Given the records underneath, please repeat exactly the lines from the line with "Den særlige granitbelægning" through the line with "Esperas para calefação, lareira, água", passing over any picture.

Data for this exercise Block Start

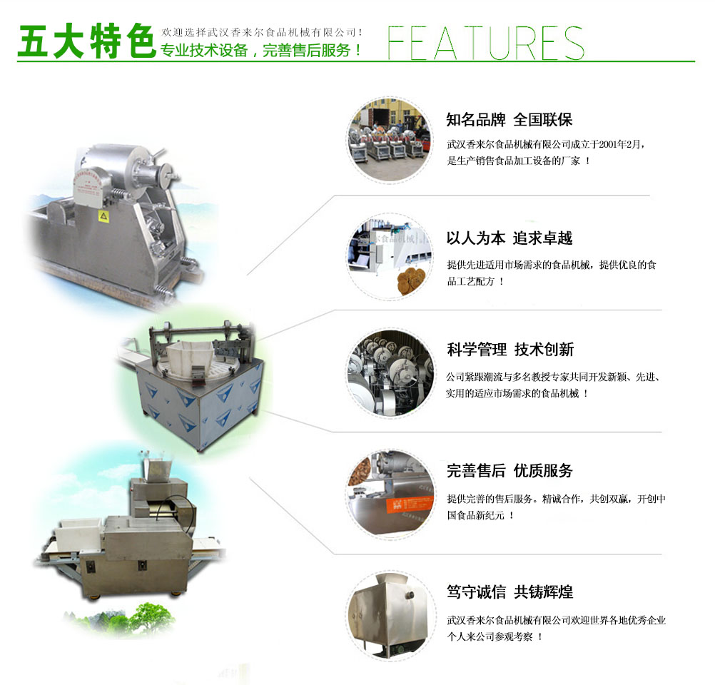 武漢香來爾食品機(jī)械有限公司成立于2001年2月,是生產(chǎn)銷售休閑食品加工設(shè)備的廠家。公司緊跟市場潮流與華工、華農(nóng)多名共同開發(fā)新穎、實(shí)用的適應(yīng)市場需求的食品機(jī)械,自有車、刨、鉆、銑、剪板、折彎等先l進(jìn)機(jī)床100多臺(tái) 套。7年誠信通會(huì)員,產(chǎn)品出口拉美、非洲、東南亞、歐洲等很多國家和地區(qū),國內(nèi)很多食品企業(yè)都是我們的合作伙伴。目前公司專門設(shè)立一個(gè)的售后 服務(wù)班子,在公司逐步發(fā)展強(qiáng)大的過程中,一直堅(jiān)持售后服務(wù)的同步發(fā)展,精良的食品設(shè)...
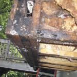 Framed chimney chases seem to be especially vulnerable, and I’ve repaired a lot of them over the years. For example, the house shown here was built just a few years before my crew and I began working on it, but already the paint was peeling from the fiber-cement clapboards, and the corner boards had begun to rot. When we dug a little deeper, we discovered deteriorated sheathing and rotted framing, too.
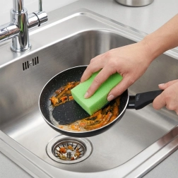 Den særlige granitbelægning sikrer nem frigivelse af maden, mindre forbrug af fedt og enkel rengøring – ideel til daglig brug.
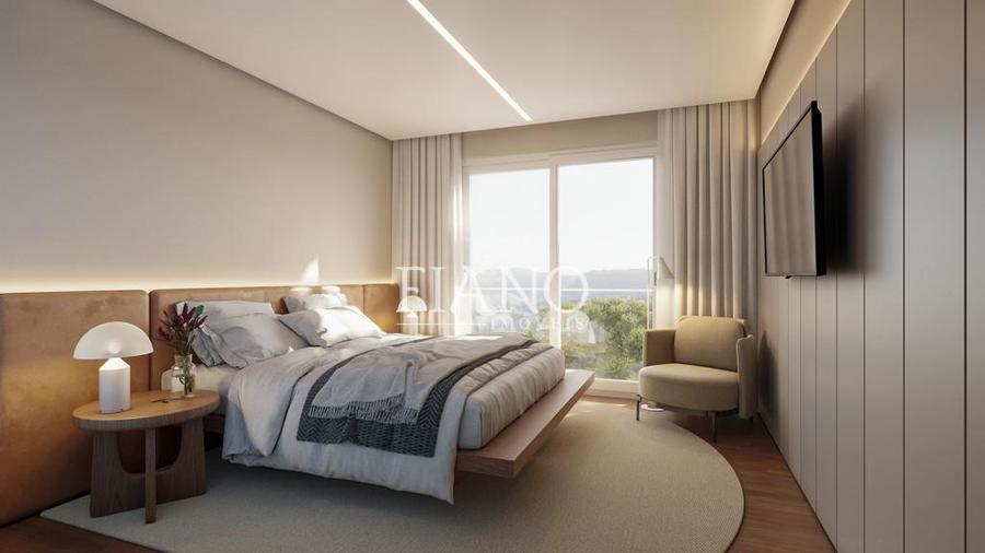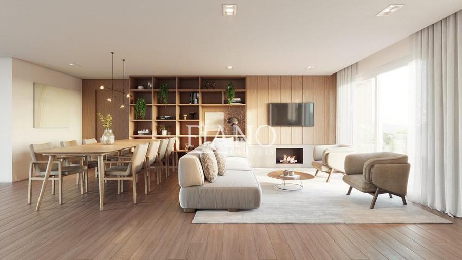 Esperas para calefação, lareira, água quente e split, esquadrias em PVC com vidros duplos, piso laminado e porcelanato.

Data for this exercise Block End
Data for this exercise Block Start

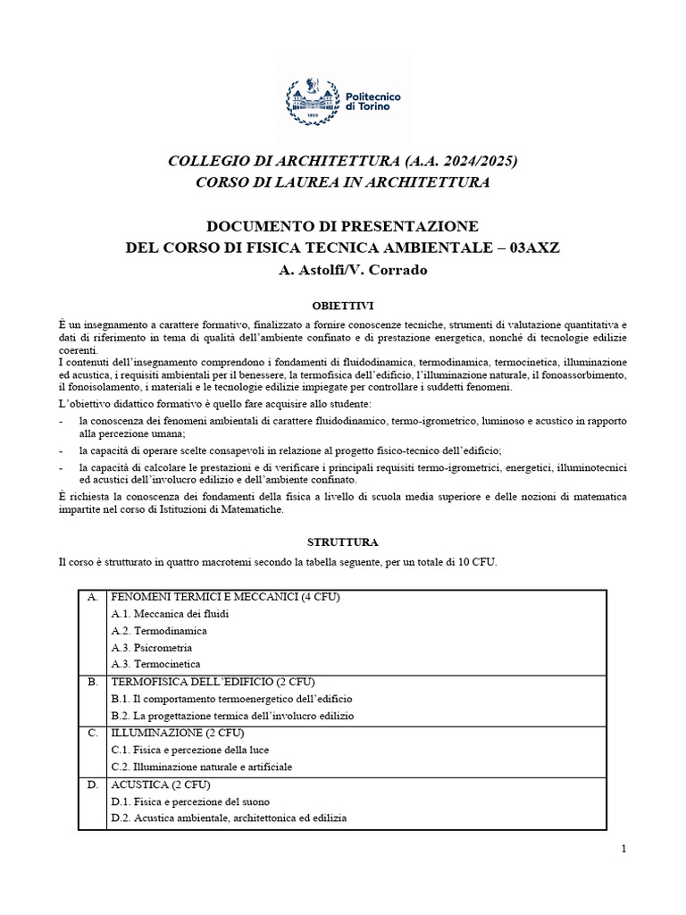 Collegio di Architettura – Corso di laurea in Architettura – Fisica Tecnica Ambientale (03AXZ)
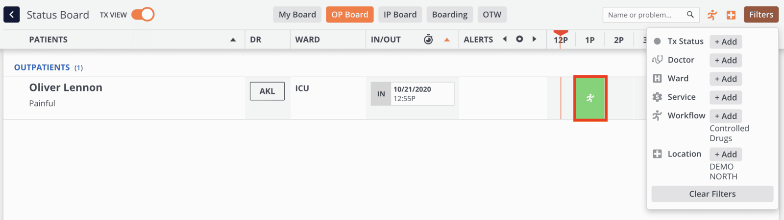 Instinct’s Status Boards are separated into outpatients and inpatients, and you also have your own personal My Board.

Data for this exercise Block End

● **Written answer**
 Den særlige granitbelægning sikrer nem frigivelse af maden, mindre forbrug af fedt og enkel rengøring – ideel til daglig brug.
 Esperas para calefação, lareira, água quente e split, esquadrias em PVC com vidros duplos, piso laminado e porcelanato.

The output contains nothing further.